На другой день я выехал в Кутаис, путем постоянно красивым и интересным, в виду Кавказских гор с возвышавшимся над ними величественным Эльбрусом. Дорогой я встретил тогдашнего Кутаисского военного губернатора, князя Гагарина, человека хорошего и полезного на этом месте, сделавшегося несколько лет спустя, жертвою сумасбродства Сванетского князя Дадешкилиани, который заколол его кинжалом в его кабинете, за то, что правительство нашло неудобным дальнейшее пребывание этих князей в их Сванетском владении, и распорядилось о удалении их в Россию. Как известно, Дадешкилиани был расстрелян. Вообще же эти, вынуждаемые необходимостью, удаления некоторых местных князей из их владений вознаграждались русским правительством так щедро, что выгода значительно превышала потерю. Князь Гагарин, встретившись со мною, ехал осматривать вновь созидаемую дорогу, о которой я говорил, и, еще не видев ее, уже весьма основательно сомневался в возможности ее существования. Верст 40 с небольшим не доходя до Кутаиси, эта дорога выходила на старую же, искусственную. Чрез реку Куру я переправлялся на пароме, близ уездного города Шаропань. Он был когда-то действительно городом, известным в древности, но в настоящее время состоял из одного дома, где помещалось уездное управление, и из шести хижинок, с двумя десятками жителей, представлявших все его народонаселение. Переночевав на почтовой станции, которая, надобно заметить, отличалась лучшим устройством нежели все станции в прочих местах края, я прибыл на другое утро в Кутаис.
Этот город отличается чрезвычайно живописным местоположением; особенно его украшают роскошная растительность и славная река Рион. Что касается до построек, то множество уродливых жидовских жилищ очень его безобразят. Из казенных зданий, вполне оконченных тогда было совсем немного. Чрез реку Рион устроен хороший мост; есть и хороший бульвар, а вблизи от него строилась соборная церковь, доныне еще неоконченная. Дома обывателей из имеретин и армян почти все незначительны, особенно на правом берегу Риона, где только и заслуживают внимания развалины древних строений, как например великолепные остатки храма, построенного царем Багратом еще в XI столетии, следовательно одновременно с Софийским собором в Киеве. Храм уничтожился при смутах и неприятельских нашествиях, громивших Имеретию еще в 1070 году. Вид отсюда превосходный. Весь город виден за рекою со всеми его окрестностями и любопытным монастырем Гелати. В этот монастырь и другой, по соседству с ним. Мацамети, в десяти верстах от города, я ездил, и любовался прелестным местоположением и видами их. Они оба описаны подробно в путешествии по Грузии А. Е. Муравьева. Жаль, что в Мацамети древняя церковь испорчена новым куполом и колокольнею, вовсе не гармонирующими с старинною архитектурою.
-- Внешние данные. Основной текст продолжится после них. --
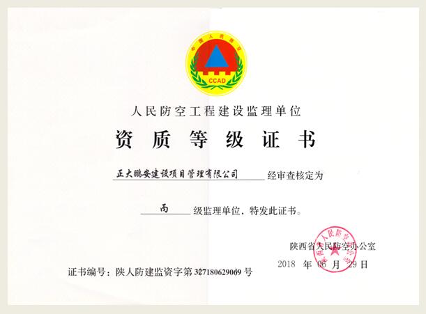2018年6月29日,陜西省人民防空辦公室審查核定正大鵬安建設(shè)項(xiàng)目管理有限公司為人民防空工程建設(shè)監(jiān)理單位,資質(zhì)等級為丙級,并頒發(fā)了資質(zhì)證書。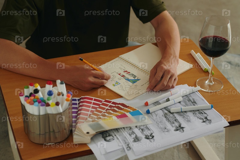 Дизайнер, работающий с коллекцией за столом

Служебные мои занятия в Кутаисской губернии состояли преимущественно в обозрении церковных имении, долженствовавших поступит в казенное ведомство. Я нашел имения и дела по ним еще в большем хаосе нежели в Грузии и, к тому же, совершенно своеобразного вида, ибо по причине этого хаоса все сведения о состоянии церковных имений в Имеретии, Гурии и Мингрелии находились в невообразимой запутанности и непроницаемой темноте. Везде в этом крае видишь богатую природу, но крайне бедное устройство и почти полнейшее отсутствие всякой промышленности. Здесь еще более чем в Грузии, в видах улучшения быта народонаселения, ничего нельзя предпринять до генерального размежевания, которое конечно надобно произвести по предварительном и тщательном исследовании местности.
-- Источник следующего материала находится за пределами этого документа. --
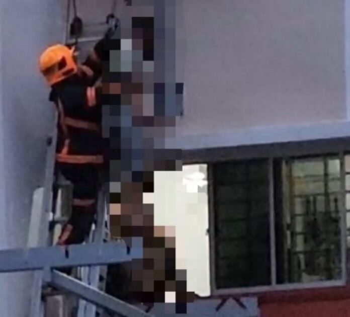 近日社群媒体流传一段影片显示,一名身穿T恤和过膝裤的女子窗外自缢,垂吊在新加坡武吉巴督一个组屋单位外的晾衣处,一名民防人员站在爬梯上试图解开绳子,另外还有几名民防人员在两个上下单位内提供支援。

Из всех уездов Кутаисской губернии бесспорно самый примечательный Гачинский уезд. Места в нем живописные, все крестьяне зажиточные, производят и доставляют в продажу много различных продуктов, даже и в Тифлис. Но пути сообщения в диком, первобытном состоянии. Единственная повозочная дорога существует только на расстоянии 40 или 50 верст от Кутаиси, и к ней добираются со всего уезда плохими тропинками, проложенными в узких ущельях. Есть в уезде и превосходный лес, который еще требует описания и принятия мер от захватов.
Из русских поселений в Имеретии находится только одно, в 40 верстах от Кутаиси, на берегу Риона, состоящее из скопцов, в числе до 150 душ. Оно основано еще по распоряжению Ермолова в 1825 году, по случаю высылки их из России, из воинских чинов. Они здесь не бесполезны, занимаясь сплавом казенного провианта и разными другими казенными работами; имеют скотоводство, огороды, и некоторые из них разжились до весьма достаточного положения. В этом месте они совершенно безвредны, потому что в течение сорока лет не успели совратить в свою безумную секту ни одного туземца. Если бы здесь было поболее казенной земли, то хорошо бы было собрать здесь же на жительство скопцов из всей Империи; особенно полезно это было бы потому, что число их, лишенное возможности возрастать, заметно уменьшается и, несмотря ни на какое прибавление численности из России, без всяких строгих мер, натурально, могло бы само собою исчезнуть.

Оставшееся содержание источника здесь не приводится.